The TGB project is a testimony to the last moment of intense
socialism in Europe. In 1989, it was part of a group of three
radical projects (TGB in Paris, ZKM in
Karlsruhe, Sea Terminal in Zeebrugge) that
attempted to reorganize and renew Europe's culture. Directly
inspired by our previous European projects, these three works
seemed to suggest that it was possible for even the Old World to
reimagine itself.
In the post-market apocalypse of the time, the TGB's
ambitions marked the dawn of a new age of euphoric demonstration of
state power. The French state would provide a container for the
world's thinking in books and media. It would develop technologies
to give access to it all, not only physically but also
digitally.
1989 was, for me, an intense demonstration that architecture
does not work in a vacuum. The sheer imagination and ambition
invested in the TGB program demanded and enabled a parallel effort
on the part of the architect. If the state was reinventing culture,
the architect had to reinvent architecture.
TGB, with its twin project ZKM, formed a campaign to once and
for all think through the consequences of modern technologies as
enabling architecture to get rid of the architectural duties it no
longer had to fulfill. As a relatively young invention in
architecture's long history, it is not surprising that the
applications of technologies to this point had been relatively
unsophisticated.
The program was not for a single library. The issue of
fragmentation was raised almost at the beginning of the enterprise,
almost explicitly, and almost overtly.
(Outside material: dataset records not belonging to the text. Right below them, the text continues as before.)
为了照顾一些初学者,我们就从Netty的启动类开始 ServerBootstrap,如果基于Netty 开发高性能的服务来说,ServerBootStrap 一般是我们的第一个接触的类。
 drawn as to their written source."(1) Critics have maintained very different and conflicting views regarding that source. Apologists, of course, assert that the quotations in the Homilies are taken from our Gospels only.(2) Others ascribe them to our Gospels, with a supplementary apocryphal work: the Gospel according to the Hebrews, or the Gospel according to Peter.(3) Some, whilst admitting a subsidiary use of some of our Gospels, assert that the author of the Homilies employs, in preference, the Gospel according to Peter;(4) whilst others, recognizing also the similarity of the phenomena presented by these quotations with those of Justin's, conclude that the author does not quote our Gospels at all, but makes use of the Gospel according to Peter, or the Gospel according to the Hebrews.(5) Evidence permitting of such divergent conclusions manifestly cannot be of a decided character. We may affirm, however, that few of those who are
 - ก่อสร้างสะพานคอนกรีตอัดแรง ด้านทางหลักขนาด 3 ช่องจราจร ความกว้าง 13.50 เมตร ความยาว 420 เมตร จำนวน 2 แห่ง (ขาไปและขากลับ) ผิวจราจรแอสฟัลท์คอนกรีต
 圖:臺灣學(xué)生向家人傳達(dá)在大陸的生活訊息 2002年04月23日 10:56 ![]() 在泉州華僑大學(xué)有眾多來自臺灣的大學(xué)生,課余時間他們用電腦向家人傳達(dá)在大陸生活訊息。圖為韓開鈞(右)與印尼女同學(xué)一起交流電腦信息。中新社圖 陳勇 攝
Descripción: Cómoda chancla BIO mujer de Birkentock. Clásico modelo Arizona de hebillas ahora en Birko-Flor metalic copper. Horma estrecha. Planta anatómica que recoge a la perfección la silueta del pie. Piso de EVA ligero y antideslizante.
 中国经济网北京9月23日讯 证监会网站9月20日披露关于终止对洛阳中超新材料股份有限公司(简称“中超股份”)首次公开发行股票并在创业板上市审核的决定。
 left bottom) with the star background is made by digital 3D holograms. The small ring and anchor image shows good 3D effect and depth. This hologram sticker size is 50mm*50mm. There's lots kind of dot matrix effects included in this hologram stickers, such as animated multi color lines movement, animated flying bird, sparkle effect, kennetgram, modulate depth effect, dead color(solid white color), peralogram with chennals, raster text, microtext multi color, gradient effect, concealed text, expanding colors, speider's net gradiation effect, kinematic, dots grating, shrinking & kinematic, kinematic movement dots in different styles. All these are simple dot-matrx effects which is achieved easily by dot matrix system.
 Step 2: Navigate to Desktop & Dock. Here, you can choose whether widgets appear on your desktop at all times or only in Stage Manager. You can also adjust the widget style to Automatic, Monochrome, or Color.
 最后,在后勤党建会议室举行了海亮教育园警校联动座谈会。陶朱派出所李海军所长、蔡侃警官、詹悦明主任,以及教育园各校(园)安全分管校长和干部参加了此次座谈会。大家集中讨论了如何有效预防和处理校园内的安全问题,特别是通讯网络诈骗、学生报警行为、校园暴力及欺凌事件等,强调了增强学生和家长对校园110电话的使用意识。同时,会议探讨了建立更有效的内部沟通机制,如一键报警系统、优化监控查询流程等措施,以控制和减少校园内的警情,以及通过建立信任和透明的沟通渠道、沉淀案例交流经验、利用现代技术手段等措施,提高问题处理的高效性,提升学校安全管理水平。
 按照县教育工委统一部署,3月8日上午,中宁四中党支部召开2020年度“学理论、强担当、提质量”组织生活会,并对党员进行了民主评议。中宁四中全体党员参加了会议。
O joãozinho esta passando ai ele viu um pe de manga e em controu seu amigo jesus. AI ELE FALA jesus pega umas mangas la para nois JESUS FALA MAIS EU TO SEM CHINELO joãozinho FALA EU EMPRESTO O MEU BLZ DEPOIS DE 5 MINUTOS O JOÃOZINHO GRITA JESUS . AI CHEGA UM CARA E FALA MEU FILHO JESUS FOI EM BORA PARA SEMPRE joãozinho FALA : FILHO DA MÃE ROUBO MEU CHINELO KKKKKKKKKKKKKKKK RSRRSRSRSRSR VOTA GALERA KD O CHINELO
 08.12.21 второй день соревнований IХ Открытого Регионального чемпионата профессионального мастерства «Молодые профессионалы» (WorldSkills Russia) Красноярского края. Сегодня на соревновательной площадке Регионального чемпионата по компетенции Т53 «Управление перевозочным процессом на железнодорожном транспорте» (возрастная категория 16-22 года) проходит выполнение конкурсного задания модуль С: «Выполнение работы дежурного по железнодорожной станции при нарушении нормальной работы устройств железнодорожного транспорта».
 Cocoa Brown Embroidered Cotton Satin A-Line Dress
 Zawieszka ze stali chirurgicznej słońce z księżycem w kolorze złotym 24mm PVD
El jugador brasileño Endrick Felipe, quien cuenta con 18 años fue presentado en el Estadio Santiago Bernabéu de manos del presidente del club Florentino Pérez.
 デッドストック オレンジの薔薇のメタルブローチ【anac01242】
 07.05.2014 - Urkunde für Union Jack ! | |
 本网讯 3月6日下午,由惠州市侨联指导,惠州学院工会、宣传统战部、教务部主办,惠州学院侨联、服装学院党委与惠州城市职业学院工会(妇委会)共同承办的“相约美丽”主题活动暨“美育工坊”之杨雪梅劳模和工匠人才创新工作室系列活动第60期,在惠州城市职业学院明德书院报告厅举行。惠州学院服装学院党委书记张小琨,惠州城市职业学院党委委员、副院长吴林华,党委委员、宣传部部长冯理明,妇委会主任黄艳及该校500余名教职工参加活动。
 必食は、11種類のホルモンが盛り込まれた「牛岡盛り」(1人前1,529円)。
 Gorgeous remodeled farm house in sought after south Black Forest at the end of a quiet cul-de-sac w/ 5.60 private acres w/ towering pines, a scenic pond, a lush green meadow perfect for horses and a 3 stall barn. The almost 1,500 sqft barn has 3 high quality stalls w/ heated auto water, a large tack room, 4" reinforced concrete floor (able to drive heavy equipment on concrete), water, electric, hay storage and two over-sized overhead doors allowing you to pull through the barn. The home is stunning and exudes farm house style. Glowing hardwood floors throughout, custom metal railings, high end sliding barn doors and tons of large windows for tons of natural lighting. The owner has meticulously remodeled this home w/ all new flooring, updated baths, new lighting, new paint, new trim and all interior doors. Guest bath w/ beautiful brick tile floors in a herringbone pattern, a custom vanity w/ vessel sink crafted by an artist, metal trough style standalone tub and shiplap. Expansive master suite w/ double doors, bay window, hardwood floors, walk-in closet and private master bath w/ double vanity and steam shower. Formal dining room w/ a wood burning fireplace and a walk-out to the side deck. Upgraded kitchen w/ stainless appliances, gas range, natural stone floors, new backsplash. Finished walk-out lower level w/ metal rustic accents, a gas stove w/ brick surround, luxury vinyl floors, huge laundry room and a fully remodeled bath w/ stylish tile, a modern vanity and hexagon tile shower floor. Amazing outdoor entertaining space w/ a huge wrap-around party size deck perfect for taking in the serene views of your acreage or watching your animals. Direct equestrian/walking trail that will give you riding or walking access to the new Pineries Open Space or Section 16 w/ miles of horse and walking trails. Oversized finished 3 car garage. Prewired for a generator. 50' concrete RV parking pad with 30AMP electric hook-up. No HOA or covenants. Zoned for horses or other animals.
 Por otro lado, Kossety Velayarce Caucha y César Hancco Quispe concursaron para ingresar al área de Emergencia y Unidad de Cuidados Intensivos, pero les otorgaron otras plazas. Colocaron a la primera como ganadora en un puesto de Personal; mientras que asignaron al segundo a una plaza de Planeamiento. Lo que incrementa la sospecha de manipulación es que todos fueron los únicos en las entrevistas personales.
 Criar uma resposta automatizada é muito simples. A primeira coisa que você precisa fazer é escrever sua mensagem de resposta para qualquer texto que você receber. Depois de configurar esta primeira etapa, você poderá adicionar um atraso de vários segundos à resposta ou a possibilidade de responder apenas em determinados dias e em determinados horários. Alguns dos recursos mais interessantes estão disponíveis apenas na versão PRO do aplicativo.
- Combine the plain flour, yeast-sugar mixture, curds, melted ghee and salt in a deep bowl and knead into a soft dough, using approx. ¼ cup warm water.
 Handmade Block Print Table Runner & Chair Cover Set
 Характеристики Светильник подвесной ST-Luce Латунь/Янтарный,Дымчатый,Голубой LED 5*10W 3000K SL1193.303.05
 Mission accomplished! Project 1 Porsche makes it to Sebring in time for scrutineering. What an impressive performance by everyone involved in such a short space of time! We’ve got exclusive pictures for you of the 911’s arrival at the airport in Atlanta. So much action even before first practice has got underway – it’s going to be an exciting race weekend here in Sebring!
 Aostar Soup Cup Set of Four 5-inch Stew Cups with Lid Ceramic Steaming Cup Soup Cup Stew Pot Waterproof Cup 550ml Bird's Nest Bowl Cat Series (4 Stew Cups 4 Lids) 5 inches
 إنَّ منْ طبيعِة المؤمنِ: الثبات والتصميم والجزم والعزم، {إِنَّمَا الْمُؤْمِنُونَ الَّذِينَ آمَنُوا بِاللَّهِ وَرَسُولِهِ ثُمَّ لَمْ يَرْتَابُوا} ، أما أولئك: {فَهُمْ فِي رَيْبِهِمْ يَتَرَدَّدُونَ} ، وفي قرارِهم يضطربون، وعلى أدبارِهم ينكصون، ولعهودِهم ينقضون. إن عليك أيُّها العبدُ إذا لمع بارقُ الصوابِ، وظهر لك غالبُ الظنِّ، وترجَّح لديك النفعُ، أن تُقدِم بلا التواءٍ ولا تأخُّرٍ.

It is a constellation, and I
think that it is the only word that could describe it: a
constellation of five specific and different libraries.
The audiences and the programs of all these libraries were
completely different, and the architect was asked to imagine their
coexistence in a single entity. We took the program; and excavated
several elements, creating a shape representing the storage and a
second shape representing the public elements of the libraries. It
was only when we saw this strange presence standing there on the
banks of the Seine that we began to believe that we had maybe
discovered something. There would also be a legitimate and
interesting attempt to assemble the fragments, so as to organize in
a single building the coexistence of these autonomous elements,
without doing any injustice to their specificity or their
programmatic delicacy.
The question of whether the plane was horizontal or vertical
was moot because the two were considered almost in an equivalent
sense. So the same story that is told by the plans is inevitably
also told by the series of successive sections. They come closer,
they intersect, and they disengage. And perhaps the most profound
statement of the building, and the one which maybe gave me the most
ideological satisfaction, was the single image created by
superimposing all of the data. This represented the coexistence of
all these elements in a single building. If one of the challenges
and conditions of modernity is that all that is solid melts into
air, then the TGB is at the same time a building that is melting
and a building that is solid.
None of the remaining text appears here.